Sustainable Fashion | Will Your Grandchildren Be Wearing Your Clothes?

DAS Outdoors A Little More Adventure Design Ellen Hembrow Fashion Fashion Design Industry Partners Partnerships Repurposed Sustainable

Today, Sustainable Fashion is a hot topic.

The want, and indeed need, for the environmental and social sustainability is slowly changing every industry on the planet.

Everything from the power we consume, the cars we drive, the food we eat and the clothes we wear.

DAS Outdoors has been way ahead of this curve, without many people realising.

We were established in 1988, originally as an army surplus store.

Army surplus and clothes from charity shops have been the epitome of sustainable fashion for decades.

Clothing that was designed, manufactured, sold, worn and discarded by one person, were given new lives by another.

The Modern Fashion Designer

There is a new breed of fashion designer that isn't prepared to leave that new life, the one our old clothes long for, to chance.

Ellen Hembrow is a Fashion Design Engineer that is embracing sustainable fashion and looks at her industry in a different way to most.

According to Ellen, the fashion industry dictates that you design for a particular end user.

Man or women.

Tall or short.

Young or old.

"I think the way that I look at it is quite unique.

I don't design specifically for a particular consumer, because it's so focused on tailoring.

Anybody can wear what I make.

Mine isn't even specific to a gender!"

The Humble Shirt

In an interview we did with Ellen, she spoke about shirts.

How Rich was wearing a shirt on the day of filming, that Ellen herself was wearing a shirt a few days earlier.

"My dad wears shirts, and my children wear shirts.

So it's the same garment just on an array of different people and it doesn't matter your race, your sex, your religion.

Everybody kind of wears these garments, and that's just the way that I look at it."

Has Ellen hit upon the best idea?

The only true route to sustainable fashion?

If all of our clothes were made with tailoring in mind, it wouldn't matter if we got taller with age or our weight fluctuated, because that one piece of clothing could be altered to fit out size and shape at that particular time of our lives.

Handing Down Sustainable Fashion

The ability to tailor means that we could pass on our favourite pieces of clothing to our kids and, in turn, to our grandkids.
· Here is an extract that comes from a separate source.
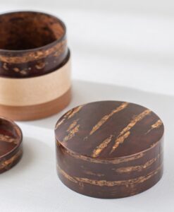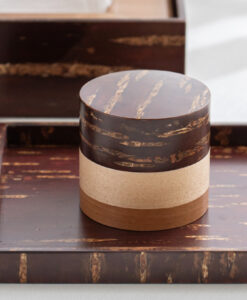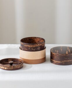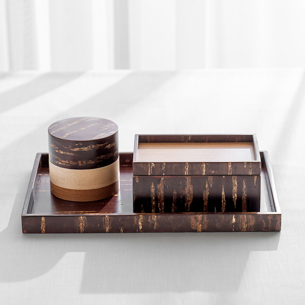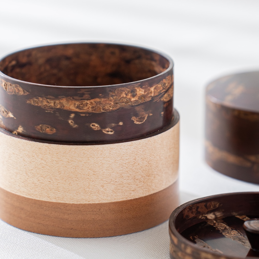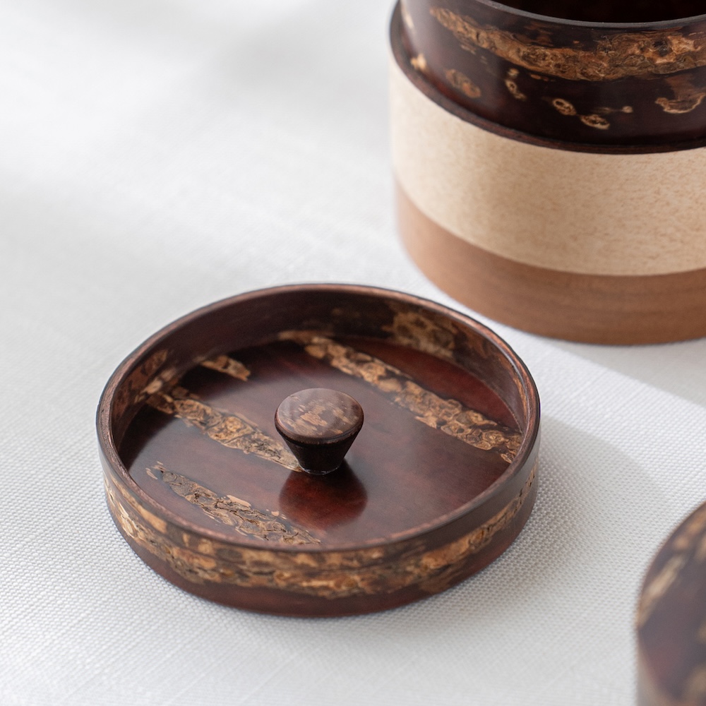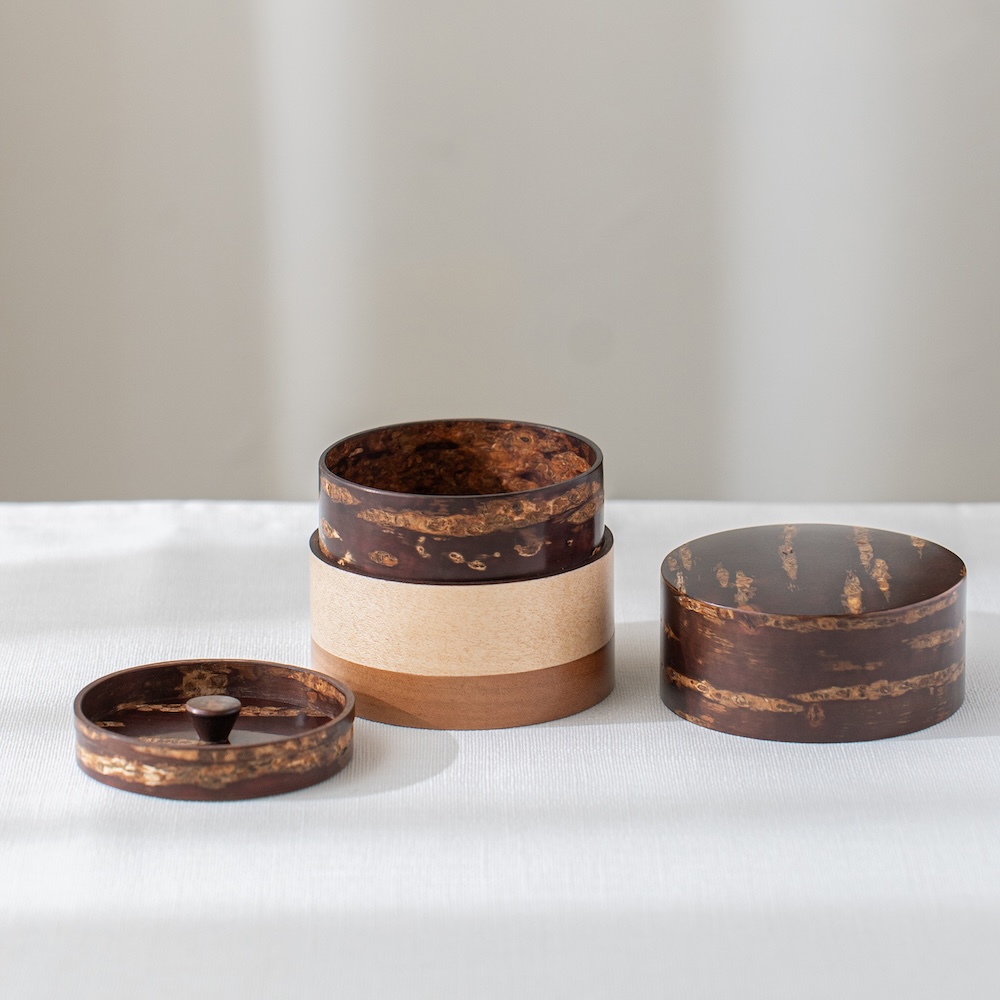 輪筒系列筒身分別由櫻木皮、櫻花木、和楓木製成,三段設計作工精細感受職人滿滿的細心與堅持,打造出這款色彩豐富的茶筒。不同木皮的自然色澤,襯托出櫻皮獨有的質感表情,更顯層次與魅力。製作時先分別做出以櫻皮、櫻木、楓木組成的外筒,再將每一種外筒切成四段圓環,重新排列組合後套在內筒外側,便形成具有環狀拼接效果的輪筒造型。

Not only is this a huge win for our environment, but it could also help connect us further to our ancestors.

"I have a jacket that was my grandfather's.

It's an old Donkey jacket.

I absolutely adore that jacket.

It was designed for a male, but I'm female, and I wear it.
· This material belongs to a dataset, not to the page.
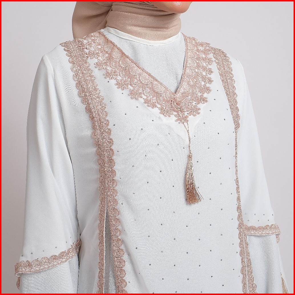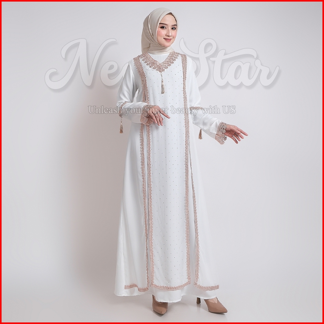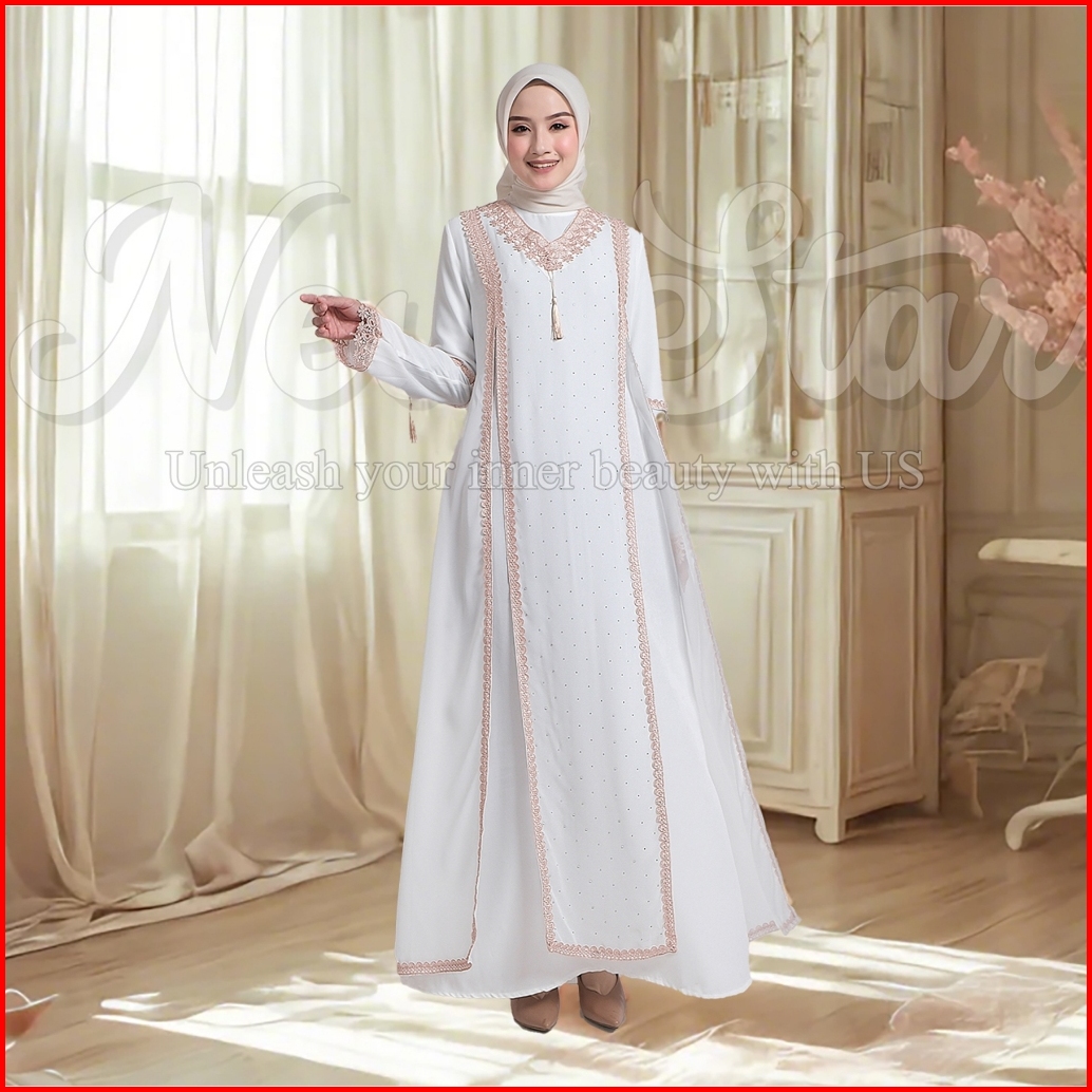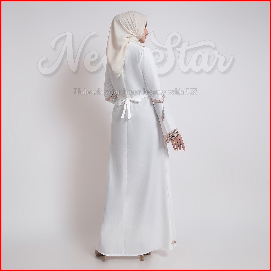 Newstar - Gamis Putih Baju Muslim Wanita Terbaru Dress Madinah Mewah Simple Elegan Abaya Turki Lebaran Haji Umroh G01

He wore it to work in the Steelworks, whereas I wear it as a fashion piece because I think it looks good."

Ellen doesn't want you to be told how to wear your clothes, she wants to empower you to wear what you want, how you want.
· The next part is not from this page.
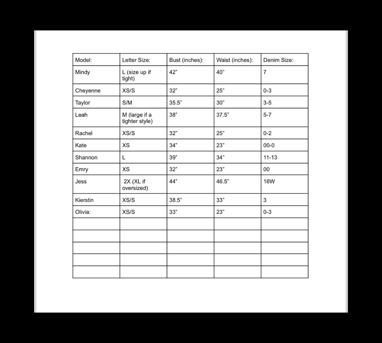 πβ¨ Introducing our adorable size chart featuring all of our lovely employees and their measurements! π From small to extra large, we've got it all covered! You can also find this chart on our app for easy reference during your shopping sprees! π Stay stylish and informed with us! ππ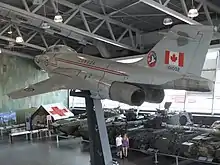 Equipment is organized into several sections, land, air, sea, field artillery, armoured fighting vehicles, cannon or mortar, and tanks.[59] Most of the equipment in the gallery has been restored and cleaned, arranged and organized with museum labels which provide details on the equipment.[60] The museum labels accompanying the pieces are focused primarily on the technical aspects of the equipment.[61] The equipment housed in LeBreton Gallery are among the largest items in the museum's collections, and includes a McDonnell CF-101 Voodoo, 19th century artillery pieces, tanks, and other military vehicles.[26] The majority of the lighter wheeled and tracked transport vehicles on display date back to the Second World War or the Cold War era.[62]

That we all have a personal relationship with our clothes and that you decide what the relationship is.

"My grandfather wore his jacket to keep him warm, it was work-wear... something that he needed for his job.

I don't need it for my job, but I actually like the way it looks, and I wear it in a completely different way that he would have worn it.

that's my relationship with it."

Raw Materials

Rich challenged Ellen to comment on the materials and techniques we use in clothing manufacture.

He suggested that the connection to her Grandfather she has through his jacket is only possible because it was made with quality materials.

Fabric and techniques that were built to last.

Generations ago, that was typical, we over-engineered products because we didn't want you to wear them out.

Today, at the rate that we purchase clothes, people are drawn to the large high street chains because they are not prepared to pay, or simply can't afford, to pay for quality.

Ellen believes that we can and will get back to this, but to do so the fashion industry needs to slow down.

"That's how we're going to slow everything down.

Think about how we design things, and think about how they're going to last.

There used to be a time when I first started with engineering, we got taught how to make washing machines.

You used to make washing machines that would last.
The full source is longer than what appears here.